The legend says it was when the Japanese game developer Toru Iwatani took a slice of his pizza that the yellow game character Pac-Man appeared before him. In Pac-Man, we find a restless character hunting around in life’s mazes constantly seeking for pills to satisfy his insatiable desire. Meanwhile the ghosts of anxiety are tracking him down. What many players don’t realize are that the game also contains an unanswered philosophical-existential question. Where is actually Pac-Man for the short period of time when he escapes into the left or right end of the maze and after a short time pop up on the other side of the maze?
In Martina Kellner’s work “Pac-Man Time Out”, which was showed at the exhibition A MAZE in Berlin 2009, Kellner had created short video clips that investigated what Pac-Man actually did in the short time he was away from the monitor. In one clip, we find him at the airport queue with Ms. Pac-Man ready to board. Perhaps they are planning to take a holiday away from the busy videogame environment? One thing is for sure, Pac-Man does no appear in contemporary art as much as his colleagues from other classic games as Space Invader, Pong and Super Mario.
Like many 8-bit characters Pac-Man is well represented in street art and design. For example the American street artist Katie Sokoler staged a real Pac-Man game in her quarters. But it is quite unusual with installations, machinima or Art Games in which Pac-Man has the lead role. This is a bit odd considering how famous Pac-Man is among the general public. The French artist François Escuillie has even created a paleontological reconstruction of Pac-Man’s skull and the Swedish artist Johan Lofgren has in his new colour series “Confessions of a Color-Eater” taken with the colour “Ms. Pac -Man-yellow “, but despite this there are few interactive artworks based on Pac-Man.

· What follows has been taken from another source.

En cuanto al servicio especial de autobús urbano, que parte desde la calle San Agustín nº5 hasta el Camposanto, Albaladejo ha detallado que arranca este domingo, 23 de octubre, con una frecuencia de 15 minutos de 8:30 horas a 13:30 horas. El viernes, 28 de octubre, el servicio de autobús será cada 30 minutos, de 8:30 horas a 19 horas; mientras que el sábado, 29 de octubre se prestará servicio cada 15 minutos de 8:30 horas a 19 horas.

Two exceptions are in any case worth highlighting: the “Pac-Mondrian” and “Eggregore”. “Pac-Mondrian” was created in its first version in 2002 by the Canadian artist group, Price Budgets Boys and is described as a mix of Piet Mondrian, Pac-Man and Boggie Woggie music. The board consists of Piet Mondrian’s painting “Broadway Boogie Woogie” (1942-43), which in its turn is inspired by Manhattan’s street grid and boogie woogie music. The videogame works with the same principle as a normal Pac-Man game except that the maze is a painting by Piet Mondrian. Price Budget Boys have also created three sequels: “Detroit Techno” (2005), “Tokyo Techno” (2006) and “Toronto Techno” (2006). The labyrinths in the new versions are created by stylized street grid from each city, executed in the style of Piet Mondrian. And in the name of equality, you play as Ms.Pac-Man in these versions. For those who have followed previous articles in this series, will recognize that there is a similarity between “Pac-Mondrian” and the Danish artist Andre Vistis works “PONGdrian v1.0”, in which Vistis combined the videogame PONG with Mondrian’s paintings.

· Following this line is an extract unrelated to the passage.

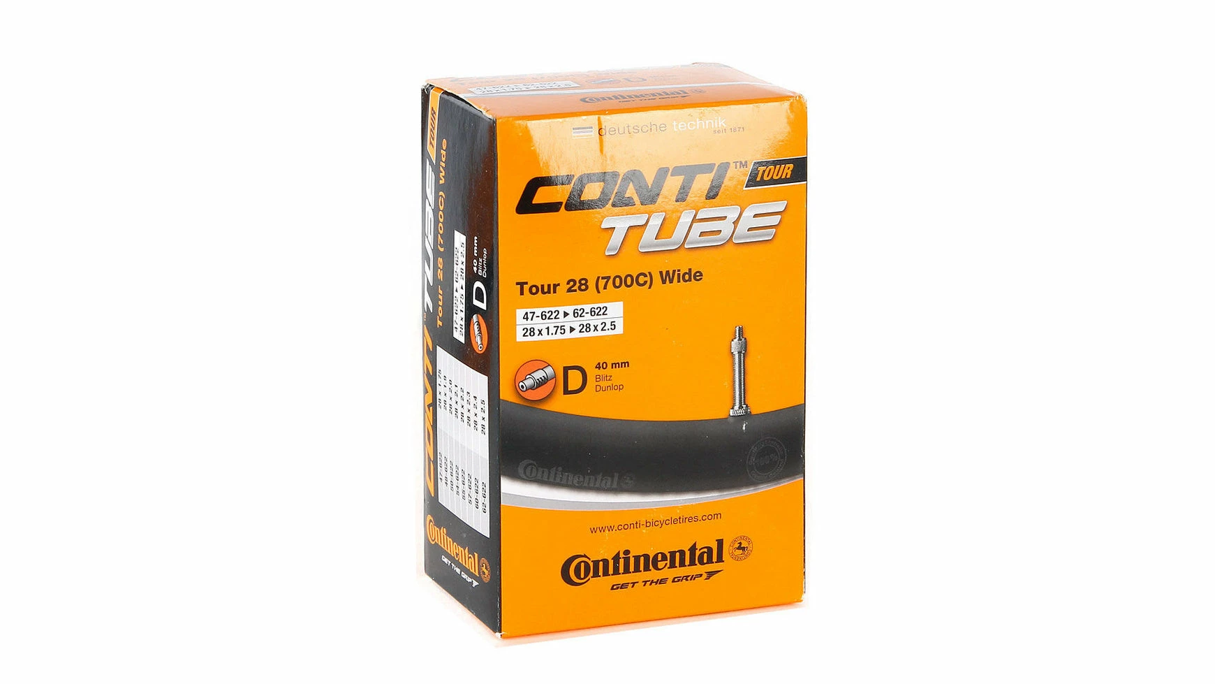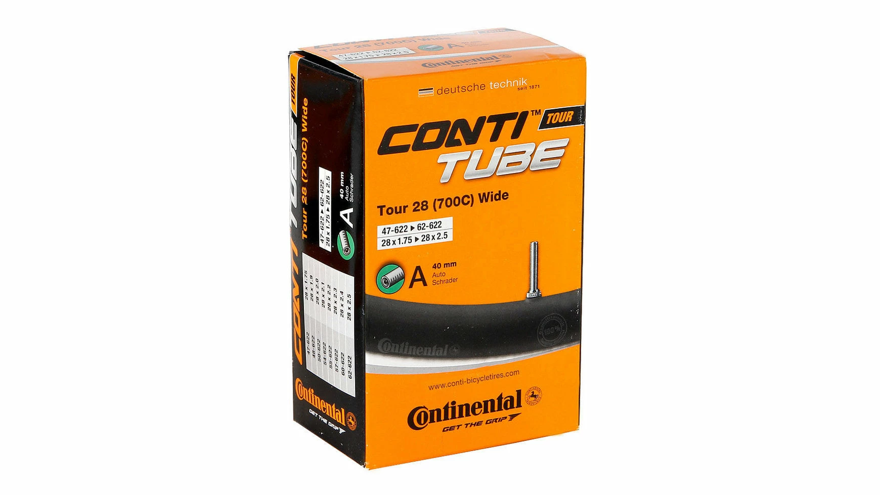 Das neue ContiTube-Schlauchprogramm macht es Ihnen noch einfacher, den optimalen Schlauch für Ihre Ansprüche zu finden. Das besonders übersichtliche und anwenderfreundliche Schlauchsystem wurde in Größe, Ausführung, Ventiltyp und -länge perfekt an die jeweiligen Reifendimensionen und Einsatzzwecke angepasst. Durch unterschiedliche Schlauchtypen können Sie übrigens mit geringem Aufwand die Fahreigenschaften Ihres Rades beeinlussen: Der in allen Dimensionen erhältliche Standard-Schlauch bietet den besten Kompromiss für die Anforderungen des Alltags. Gewicht und Rollwiderstand können hingegen mit Light- und Supersonic-Schläuchen spürbar optimiert werden. Die verringerten Wandstärken bis auf 0,45 mm erhöhen allerdings das Pannenrisiko. Darüber hinaus müssen leichte Schläuche häufiger nachgepumpt werden. Ein Rundum-Sorglos-Produkt ist dagegen der Hermetic-Plus-Schlauch. Dank verbesserter Rezeptur jetzt kompakter und leichter, machen ihn der gesteigerte Bulyanteil und die höhere Wandstärke besonders pannensicher. Weil er dazu noch extralange die Luft anhält, ist er der Favourit vieler Fahrradverleiher. Besonders stark und voluminös sind auch unsere Freeride- und Downhill-Schläuche. Sie schützen mit extradicker Wandstärke effektiv vor Durchschlägen.

Antonin Fourneau & Manuel Braun’s work “Eggregore” is a social video game in which eight players, each with its own control will try to collaborate and steer Pac-Man through the maze. It may sound like an old teamwork workshop with a twist. Eight wills and strategies must collaborate to succeed with the mission. “Eggregore” is a Greek word which is associated with occultism and means a collective mind. The question that Fourneau and Braun is asking is: Can multiple individual game strategies together create a stronger and better collective player or will it just be chaos when the different games strategies are pulling in different directions? In the video game world, there are many examples of online worlds like World of Warcraft, where player successfully work together in clans or guilds in order to achieve higher goals in the game. It has even become an asset in your CV to show that you have played World of Warcraft and that you can lead and work together with other players to achieve different goals. Pac-Man, however, seems to be a rather greedy individualist who only thinks of himself in the video game world. And perhaps it is this self-absorption with himself taht prevents the game from breaking through as a major theme in contemporary Game Art?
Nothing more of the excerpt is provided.